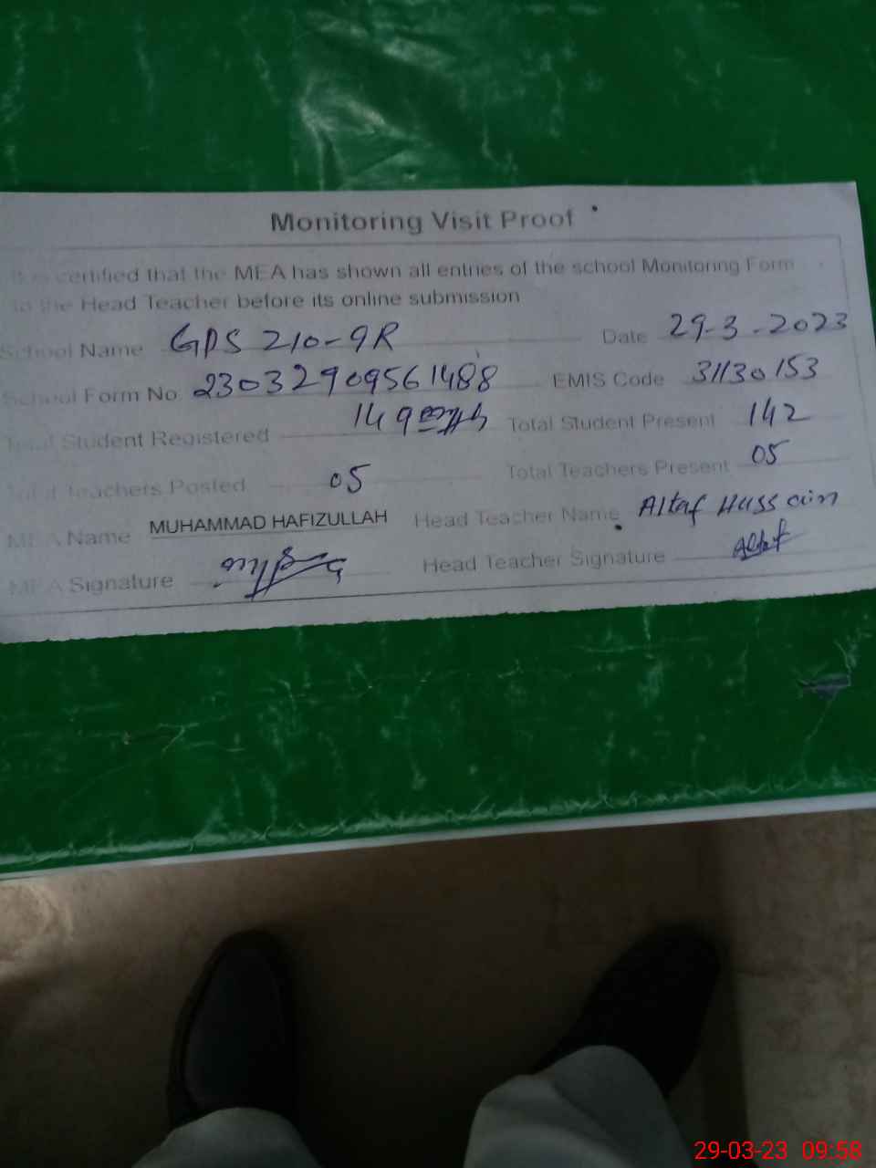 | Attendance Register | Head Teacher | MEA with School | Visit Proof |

...

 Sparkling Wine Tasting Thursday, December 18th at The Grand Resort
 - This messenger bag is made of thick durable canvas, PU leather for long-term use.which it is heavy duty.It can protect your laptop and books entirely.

==

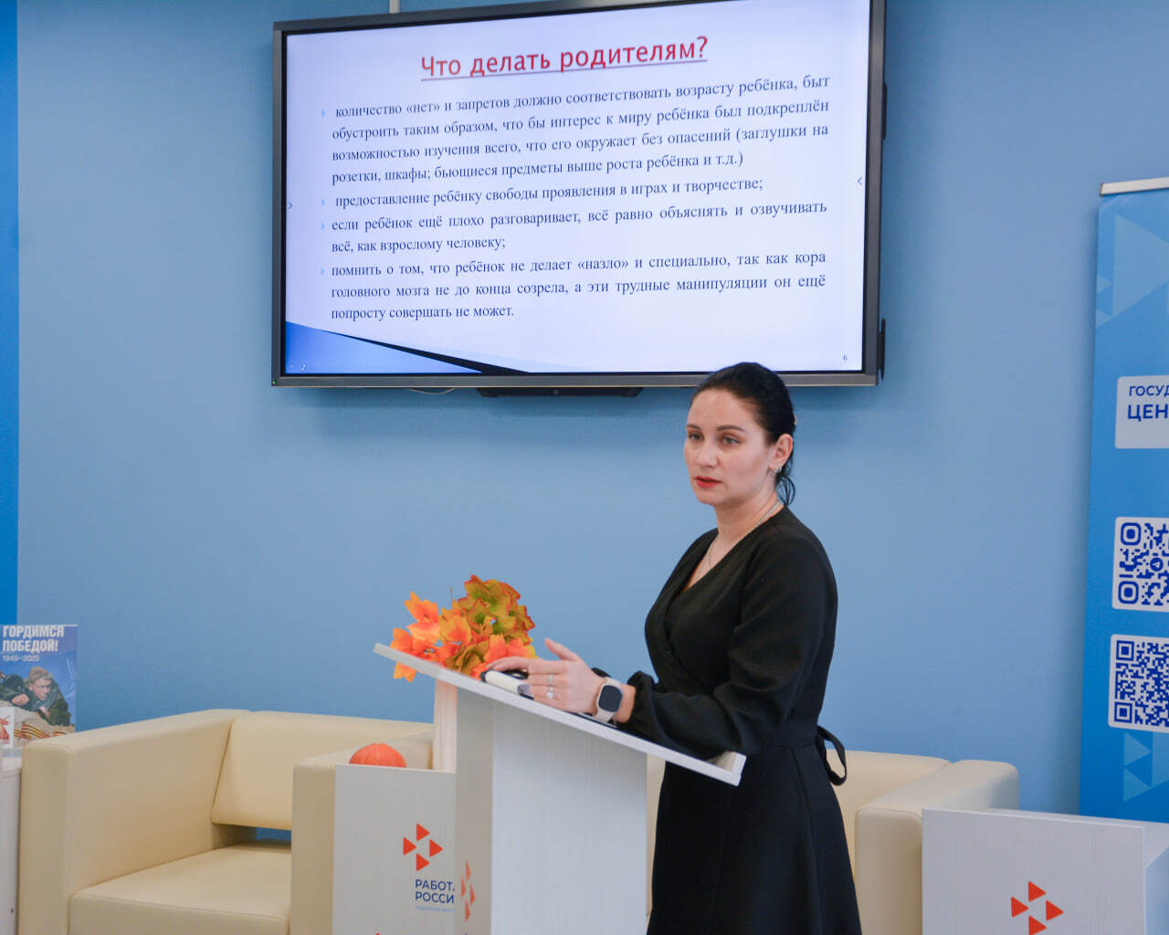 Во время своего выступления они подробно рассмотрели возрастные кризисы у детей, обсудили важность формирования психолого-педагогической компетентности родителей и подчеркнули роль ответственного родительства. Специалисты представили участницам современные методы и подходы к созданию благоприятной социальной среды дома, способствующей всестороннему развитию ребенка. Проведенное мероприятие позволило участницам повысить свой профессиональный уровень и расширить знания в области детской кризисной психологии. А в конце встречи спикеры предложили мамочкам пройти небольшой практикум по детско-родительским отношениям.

What you will do >> Copy out, word for word, the part of the entries above that begins at the line with "Sparkling Wine Tasting" and ends at the line with "- This messenger", including both.

Task response >>
 Sparkling Wine Tasting Thursday, December 18th at The Grand Resort
 - This messenger bag is made of thick durable canvas, PU leather for long-term use.which it is heavy duty.It can protect your laptop and books entirely.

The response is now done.